- _Exercise material_:
━━━━━━

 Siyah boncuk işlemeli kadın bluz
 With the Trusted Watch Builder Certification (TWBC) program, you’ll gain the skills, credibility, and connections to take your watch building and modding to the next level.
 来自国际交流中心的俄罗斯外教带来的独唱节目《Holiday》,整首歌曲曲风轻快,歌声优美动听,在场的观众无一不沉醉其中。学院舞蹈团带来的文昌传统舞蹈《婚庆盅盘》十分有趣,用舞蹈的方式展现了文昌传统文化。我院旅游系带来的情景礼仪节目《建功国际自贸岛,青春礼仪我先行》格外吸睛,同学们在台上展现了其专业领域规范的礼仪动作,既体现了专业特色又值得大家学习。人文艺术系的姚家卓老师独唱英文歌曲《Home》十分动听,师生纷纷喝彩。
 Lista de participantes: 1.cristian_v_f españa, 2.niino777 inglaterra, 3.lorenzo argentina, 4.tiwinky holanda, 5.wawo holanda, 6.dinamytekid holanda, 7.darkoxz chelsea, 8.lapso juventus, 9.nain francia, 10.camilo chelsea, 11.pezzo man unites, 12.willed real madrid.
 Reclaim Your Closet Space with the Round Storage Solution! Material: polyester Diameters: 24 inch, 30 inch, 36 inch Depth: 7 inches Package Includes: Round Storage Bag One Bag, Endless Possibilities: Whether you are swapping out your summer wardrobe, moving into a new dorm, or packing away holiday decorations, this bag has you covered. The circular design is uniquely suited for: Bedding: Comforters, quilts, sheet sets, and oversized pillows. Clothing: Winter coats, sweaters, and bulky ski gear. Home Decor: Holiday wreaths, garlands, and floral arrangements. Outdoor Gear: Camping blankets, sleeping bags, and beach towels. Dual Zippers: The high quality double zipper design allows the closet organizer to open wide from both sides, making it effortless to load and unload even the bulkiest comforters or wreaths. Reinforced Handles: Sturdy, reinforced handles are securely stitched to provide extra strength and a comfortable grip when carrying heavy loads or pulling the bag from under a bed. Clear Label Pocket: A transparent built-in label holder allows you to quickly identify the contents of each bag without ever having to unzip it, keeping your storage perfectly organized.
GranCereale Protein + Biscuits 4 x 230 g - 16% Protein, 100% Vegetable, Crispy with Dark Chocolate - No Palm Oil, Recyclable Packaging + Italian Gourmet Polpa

━━━━━━

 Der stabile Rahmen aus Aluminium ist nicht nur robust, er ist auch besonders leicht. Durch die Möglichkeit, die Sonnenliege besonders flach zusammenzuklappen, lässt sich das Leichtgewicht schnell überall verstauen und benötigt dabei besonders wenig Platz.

━━━━━━

- _Problem to solve_:
Wherever a line above contains "Home", copy that line.

- _Solution to the problem_:
 来自国际交流中心的俄罗斯外教带来的独唱节目《Holiday》,整首歌曲曲风轻快,歌声优美动听,在场的观众无一不沉醉其中。学院舞蹈团带来的文昌传统舞蹈《婚庆盅盘》十分有趣,用舞蹈的方式展现了文昌传统文化。我院旅游系带来的情景礼仪节目《建功国际自贸岛,青春礼仪我先行》格外吸睛,同学们在台上展现了其专业领域规范的礼仪动作,既体现了专业特色又值得大家学习。人文艺术系的姚家卓老师独唱英文歌曲《Home》十分动听,师生纷纷喝彩。
 Reclaim Your Closet Space with the Round Storage Solution! Material: polyester Diameters: 24 inch, 30 inch, 36 inch Depth: 7 inches Package Includes: Round Storage Bag One Bag, Endless Possibilities: Whether you are swapping out your summer wardrobe, moving into a new dorm, or packing away holiday decorations, this bag has you covered. The circular design is uniquely suited for: Bedding: Comforters, quilts, sheet sets, and oversized pillows. Clothing: Winter coats, sweaters, and bulky ski gear. Home Decor: Holiday wreaths, garlands, and floral arrangements. Outdoor Gear: Camping blankets, sleeping bags, and beach towels. Dual Zippers: The high quality double zipper design allows the closet organizer to open wide from both sides, making it effortless to load and unload even the bulkiest comforters or wreaths. Reinforced Handles: Sturdy, reinforced handles are securely stitched to provide extra strength and a comfortable grip when carrying heavy loads or pulling the bag from under a bed. Clear Label Pocket: A transparent built-in label holder allows you to quickly identify the contents of each bag without ever having to unzip it, keeping your storage perfectly organized.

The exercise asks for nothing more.